Presently, here is how the Cooperative Program monies are divided among the various SBC entities in the SBC Allocation Budget:
- 50% to the International Mission Board for world missions
- 22.79% to the North American Mission Board
- 22.16% for theological education (with 21.9% being divided among the six SBC seminaries - in a formula based on full time enrollment and 0.24% supports the Southern Baptist Historical Library and Archives
- 3.4% for the SBC Operating Budget/Facilitating Ministries
- 1.65% to the Ethics and Religious Liberty Commission
(LifeWay Christian Resources and Guidestone Financial Services are self supporting)
Part of the monies that go to the North American Mission Board are sent back to some of the state conventions as set up in cooperative agreements between NAMB and the state conventions to help with church planting, collegiate ministries, etc. The Cooperative Program has served this Convention well for 85 years as arguably the greatest mission funding program ever known to Christendom. It allows churches such as my own to support more than 10,000 missionaries at home and abroad as well as helping keep theological education affordable for the students in six seminaries!

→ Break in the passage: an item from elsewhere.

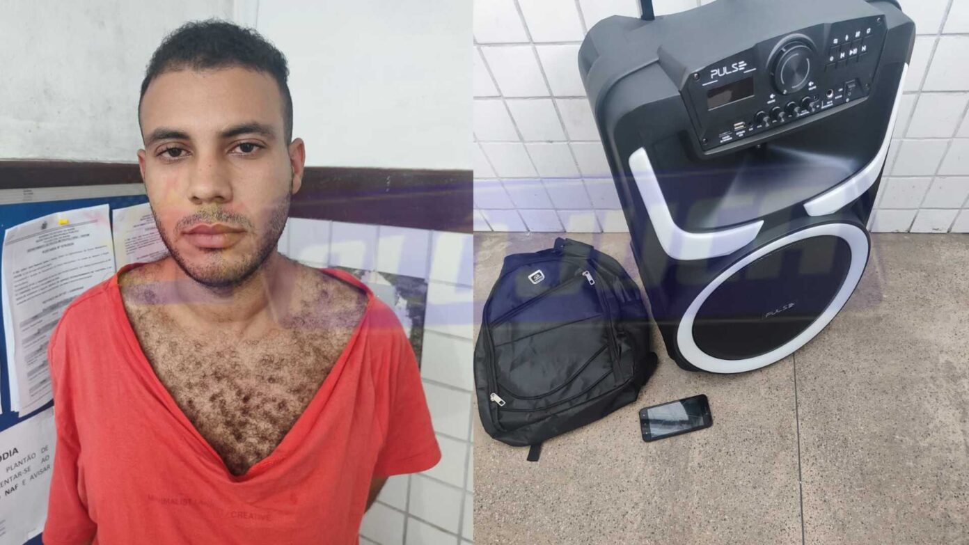 Um homem identificado como Flávio foi preso em flagrante nesta quinta-feira (2), em Candeias, após furtar uma caixa de som em uma loja de eletrodomésticos no município.

Our church is larger than some SBC churches and smaller than others. Our Annual Church Profile for 2009 shows a total of $41,766. in total mission expenditures. Of that amount, $25,673 (10% of our undesignated offerings) go to the Cooperative Program. The rest is given to other causes such as 3% to our local association; along with designated offerings to "those three women" - Lottie Moon, Annie Armstrong, Ola Cox (State Missions); SBC Disaster Relief; regular support for two national pastors at SBC churches in the Philippines; as well as local mission projects in our state and city.
Let me say loud and clear that I do not believe that 10% Cooperative Program giving should be a litmus test for what should be considered as a "cooperating" SBC church, but I think it is a good place to start. In our personal giving, Linda and I start with 10% to our local church, and then add designated amounts for offerings for other projects or ministries. I share that vision in any church that I lead, and I believe it is a good pattern for our SBC giving as well. Baptist churches are indeed autonomous and can give however and wherever they choose to outside causes, but for my money there is much more "bang for the buck" through the Cooperative Program.
To me, the most odious (and I believe, dangerous) part of the Great Commission Resurgence Task Force Final Report is the language on Component Three- "Celebrating and Empowering Great Commission Giving". While the Task Force gives lip service to the Cooperative Program in this article (and also in Component Six) it coins a new moniker, "Great Commission Giving". This Great Commission Giving would encompass the Cooperative Program, but also ALL mission giving into the same category - for the purpose of "Celebrating" the amount given by local churches.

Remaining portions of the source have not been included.